I went back to the cars and used some of the disposable wipes that Wright and Brook had bought to clean up as best I could. Then I put on clean clothes. As I got my jeans on, I heard Brook wake up and slip out of the car behind me. She made slightly different noises breathing and moving around than Wright or Celia did.

“God, it’s dark out here,” she said. “If I weren’t a symbiont, I don’t think I could see at all. Aren’t you cold?”

I wasn’t really, but I pulled on an undershirt, then put my long-sleeved shirt on, buttoned it, and pulled on my new jacket. “I’m all right,” I said. “I’m glad you’re awake. I need to talk to you.”

“Sure.”

“Eat first. Do whatever you need to do. This will probably take a while.”

“That doesn’t sound good.”

“I hope it won’t be too bad. Your neck okay?”

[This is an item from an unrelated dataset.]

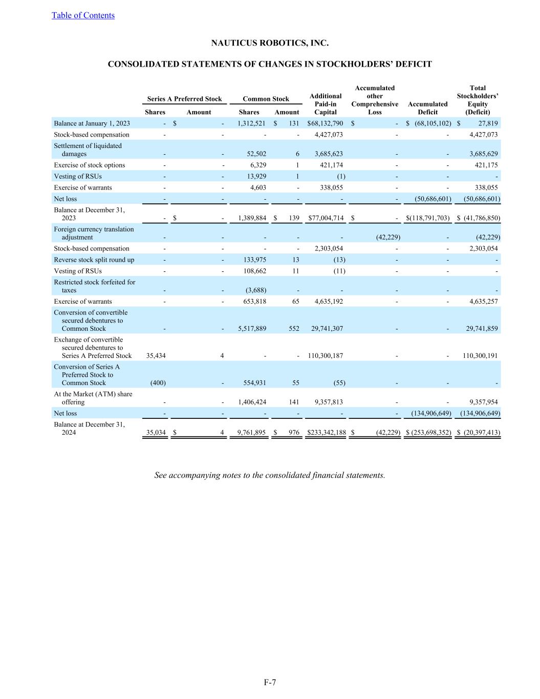 NAUTICUS ROBOTICS, INC. CONSOLIDATED STATEMENTS OF CHANGES IN STOCKHOLDERS’ DEFICIT Series A Preferred Stock Common Stock Additional Paid-in Capital Accumulated other Comprehensive Loss Accumulated Deficit Total Stockholders’ Equity (Deficit) Shares Amount Shares Amount Balance at January 1, 2023 - $ - 1,312,521 $ 131 $ 68,132,790 $ - $ (68,105,102) $ 27,819 Stock-based compensation - - - - 4,427,073 - - 4,427,073 Settlement of liquidated damages - - 52,502 6 3,685,623 - - 3,685,629 Exercise of stock options - - 6,329 1 421,174 - - 421,175 Vesting of RSUs - - 13,929 1 (1) - - - Exercise of warrants - - 4,603 - 338,055 - - 338,055 Net loss - - - - - - (50,686,601) (50,686,601) Balance at December 31, 2023 - $ - 1,389,884 $ 139 $77,004,714 $ - $(118,791,703) $ (41,786,850) Foreign currency translation adjustment - - - - - (42,229) - (42,229) Stock-based compensation - - - - 2,303,054 - - 2,303,054 Reverse stock split round up - - 133,975 13 (13) - - - Vesting of RSUs - - 108,662 11 (11) - - - Restricted stock forfeited for taxes - - (3,688) - - - - - Exercise of warrants - - 653,818 65 4,635,192 - - 4,635,257 Conversion of convertible secured debentures to Common Stock - - 5,517,889 552 29,741,307 - - 29,741,859 Exchange of convertible secured debentures to Series A Preferred Stock 35,434 4 - - 110,300,187 - - 110,300,191 Conversion of Series A Preferred Stock to Common Stock (400) - 554,931 55 (55) - - - At the Market (ATM) share offering - - 1,406,424 141 9,357,813 - - 9,357,954 Net loss - - - - - - (134,906,649) (134,906,649) Balance at December 31, 2024 35,034 $ 4 9,761,895 $ 976 $ 233,342,188 $ (42,229) $ (253,698,352) $ (20,397,413) See accompanying notes to the consolidated financial statements. Table of Contents F-7

She pulled her collar aside and showed me the half-healed wound. “It … wasn’t so bad this time.”

“It will get better.”

“I know.”

She pulled open the white Styrofoam cooler they had bought and filled with ice and food. She took out a plastic packet of four strips of pepper-smoked salmon and a bottle of water. She made a sandwich with the salmon and some bread from one of the grocery bags. When she’d eaten that and drunk the water, she got more water from the chest and dug out a blueberry muffin and two bananas from one of the bags. It didn’t seem to bother her that I sat in the car watching her—that I enjoyed watching her.

Finally she took the plastic can of wipes and went away into the trees to make her own effort to clean up. While she did that, Wright awoke and stumbled off in a different direction. A few moments later he came back and got another plastic can of wipes, scrubbed his face and hands, then got into the food.